СВЕРХЧЕЛОВЕК ИЛИ НЕЛЮДЬ?

   Под новый год, как раз, когда изрядно подморозило, в магазины поступил толстый том Владимира Сорокина в переплете холодного серо-голубого цвета c глянцевым вкраплениями, поблескивающими на свету, как лед на солнце. В книге (так и не удостоенной заглавия: вместо него на переплете стоит слово «Трилогия») собраны три романа Сорокина, два из которых уже известны читателю: «Лед», изданный в 2002 году, и приквел «Путь Бро», вышедший год назад. Заключающий трилогию роман «23 000» напечатан впервые. Обидная для обладателей двух предыдущих книг издательская стратегия не так уж неоправданна: если первые два романа ледяной истории можно читать отдельно и в любом порядке, то завершающая часть без первых двух выглядит невнятной. Хотя именно она не просто проясняет, но разворачивает ракурс повествования на 180 градусов.
   Я не отношусь к сонму поклонников Сорокина, но не вхожу и в число его записных хулителей, которые, еще не прочтя очередную книгу писателя, уже точат свое перо на оселке для ехидной статьи. Мне Сорокин часто неприятен, но всегда любопытен, писала я о нем редко, но все же писала: мимо литературного явления такого масштаба пройти трудно. «Лед» в свое время я начала читать со спокойным равнодушием, неожиданно увлеклась, разочарованно закрыла последнюю страницу, а спустя какое-то время обнаружила, что думаю о романе. Вроде бы безделица, а не отпускает. Что ж в нем такого?
   После выхода в свет романа «Лед» было много разговоров о «новом Сорокине». Сам автор варьировал в своих интервью нарочито простодушную мысль: «"Лед" – это первый для меня роман, где на первом месте не форма, а содержание. В „Льде“ я стремился передать содержательную идею с помощью максимально простых изобразительных средств» (http://ediapolis.com.rU/alphabet/s/sorokin_vladimir/sorokin_ vladimir_ice.htm).
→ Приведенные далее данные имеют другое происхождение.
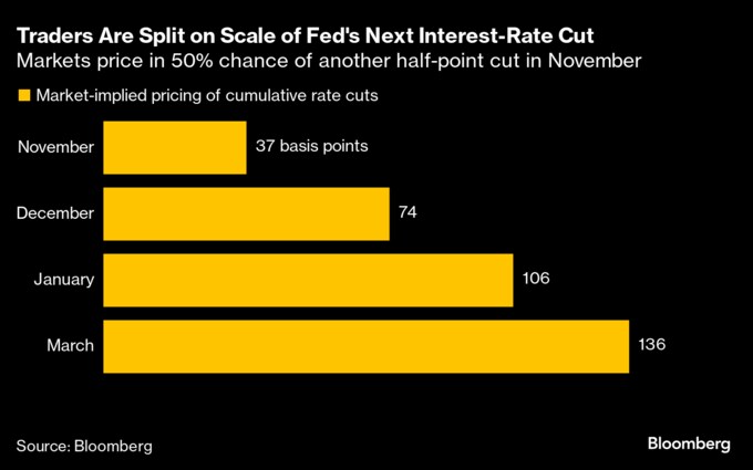 トレーダーらは11月末までに約37bp相当の緩和、2024年末までに合計約75bpの利下げを織り込んでいる。これは、次回FOMC会合で再度の0.5ポイント利下げが実施される確率を50%とみていることを示唆する。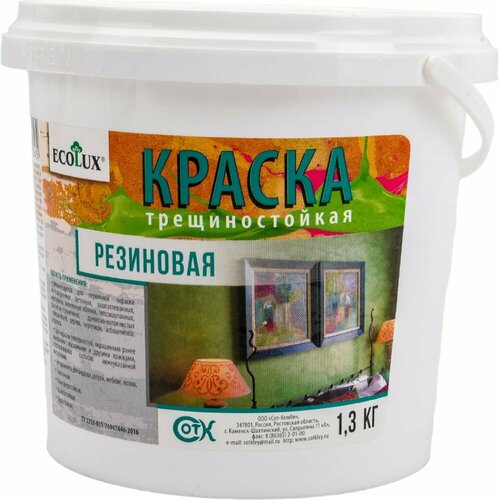 Краска резиновая для стен крыш фасадов внешних и внутренних работ белая, Ecolux 1.3кг
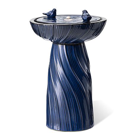 This chic and interesting ceramic fountain featured with delicate embossed twist texture and two cute lively birds, as well as the elegant and charming kiln-fired cobalt blue glaze finish with antique details brings a touch of artistic and natural beauty to your space. Water bubbling and spilling into the pool, the soothing sound of cascading water helps to create a relaxing and meditative atmosphere. It has a warm white LED light, the trickling water rippled and sparkled in the warm glowing light adds visual interest, which is sure to convert your space into a tranquil, romantic, charming and pleasing environment. This versatile fountain will be a warm and delightful addition to any of your garden, patio, deck, porch or home space. A convenient power cord and pump are included, simply adds water, plug in and enjoy!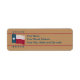 Zeigen Sie Ihre Liebe und Stolz von Texas überall mit diesen Rücksendeadressen-Aufklebern auf Ihrer E-Mail oder verwenden Sie zur Identifizierung für Bücher und andere Artikel. Diese Etiketten enthalten die Texas Lone Star Flag mit roten Grenzlinien, die über das Label gehen. Navy blaue Teere sind über und unter der schwenkbaren Fahne. Einfach mit Ihrem Namen, Adresse, Stadt, Staat und Postleitzahl anpassen. Jeder wird wissen, wo Ihr Herz lebt - Texas und Texas stolz.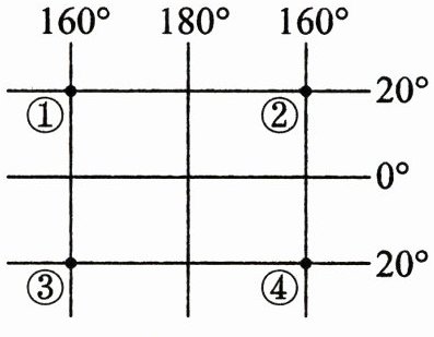 某国海上救援船位于$(0^{\circ},180^{\circ})$的洋面上,现在收到一艘远洋捕捞船的求救信号,得知轮船遇险地点在$(20^{\circ}S,160^{\circ}W)$。读下图,回答 12~13 题。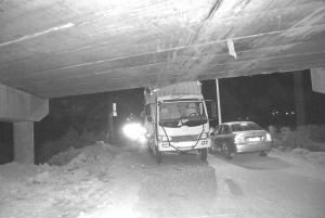 后柜太高 一货车不慎卡在桥底下

   Действительно, это первый роман Сорокина, которые поддается внятному пересказу. Правда, при этом сюжет его оказывается до смешного похож на самую непритязательную продукцию жанра «фэнтэзи». Если в начале неясно, зачем светловолосые и голубоглазые люди бьют других голубоглазых и светловолосых в грудь ледяным молотом, а потом одних равнодушно добивают, а других окружают нежной заботой, то потом загадка проясняется. Ледяной молоток из глыбы тунгусского метеорита – это такое орудие инициации. Загадочным блондинам удалось то, что не смогли сделать бесчисленные экспедиции в район Подкаменной Тунгуски, – разыскать таинственное небесное тело, с помощью которого можно пробуждать сердца тех, в ком живет частица «света изначального».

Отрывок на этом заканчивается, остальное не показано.